BEGIN Source material

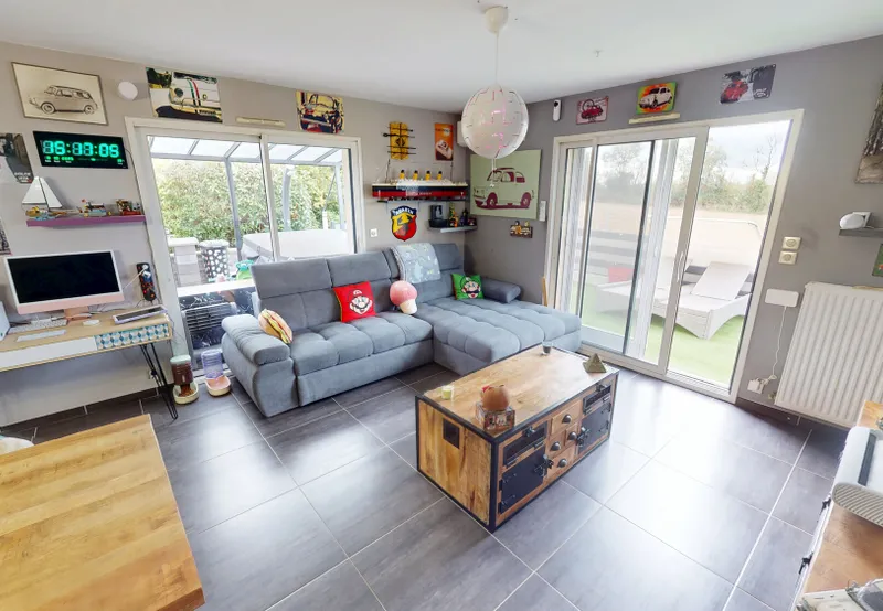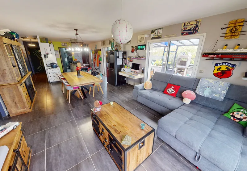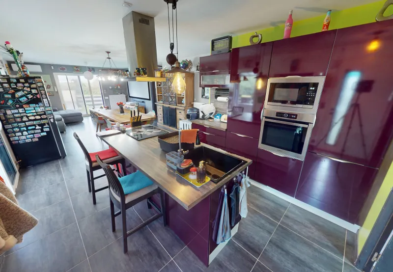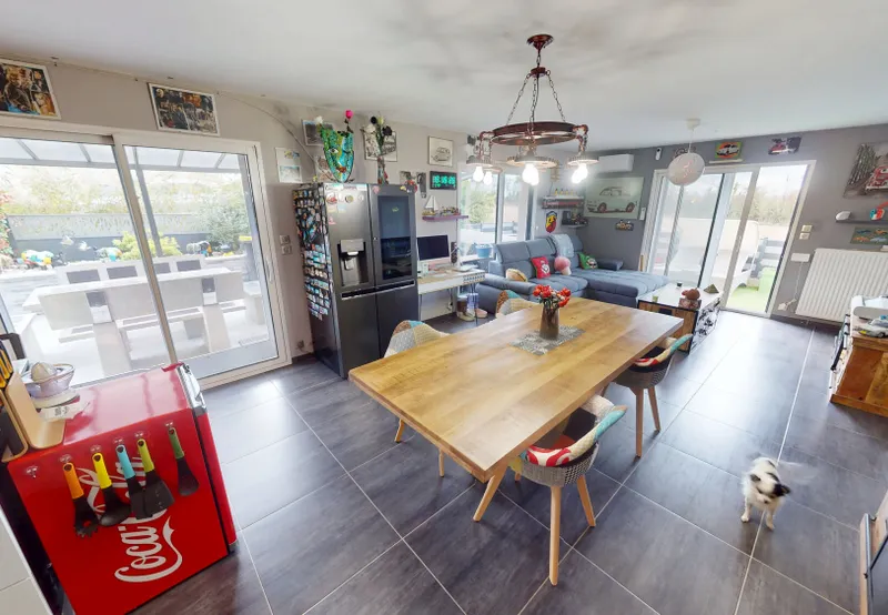 Construite en 2016 (normes RT 2012), cette maison offre une pièce de vie lumineuse de 46 m², exposée Sud / Sud-Ouest, comprenant un séjour / salle à manger et une cuisine américaine aménagée et équipée ouverte.
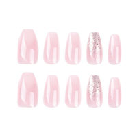 24 piezas de alta calidad, cobertura completa en forma de almendra corta, brillo rosa, uñas postizas francesas, pegamento suave, juego de uñas postizas a presión
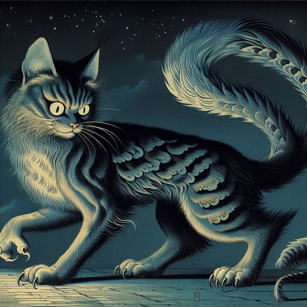 Le Bakeneko est une figure fascinante du folklore japonais, oscillant entre protection et malédiction. Certains sont bienveillants, comme les Maneki Neko, ces célèbres chats porte-bonheur qui saluent en levant la patte.
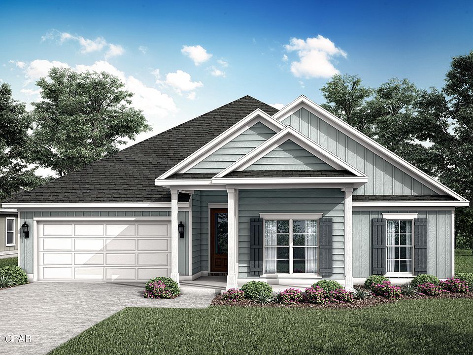 Welcome to the Magnolia floorplan, a community favorite that features two unique elevations, adding charm to the streetscape of Breakfast Point. This thoughtfully designed home boasts 2,800 square feet of elegant interior features and open-concept living space, naturally lit by the many windows and elevated ceilings. The Magnolia plan features five bedrooms, three full bathrooms, EVP flooring throughout, and a large covered back patio.

END Source material

An exact copy of the material above is required, free of any pictures.

* Response below
 Construite en 2016 (normes RT 2012), cette maison offre une pièce de vie lumineuse de 46 m², exposée Sud / Sud-Ouest, comprenant un séjour / salle à manger et une cuisine américaine aménagée et équipée ouverte.
 24 piezas de alta calidad, cobertura completa en forma de almendra corta, brillo rosa, uñas postizas francesas, pegamento suave, juego de uñas postizas a presión
 Le Bakeneko est une figure fascinante du folklore japonais, oscillant entre protection et malédiction. Certains sont bienveillants, comme les Maneki Neko, ces célèbres chats porte-bonheur qui saluent en levant la patte.
 Welcome to the Magnolia floorplan, a community favorite that features two unique elevations, adding charm to the streetscape of Breakfast Point. This thoughtfully designed home boasts 2,800 square feet of elegant interior features and open-concept living space, naturally lit by the many windows and elevated ceilings. The Magnolia plan features five bedrooms, three full bathrooms, EVP flooring throughout, and a large covered back patio.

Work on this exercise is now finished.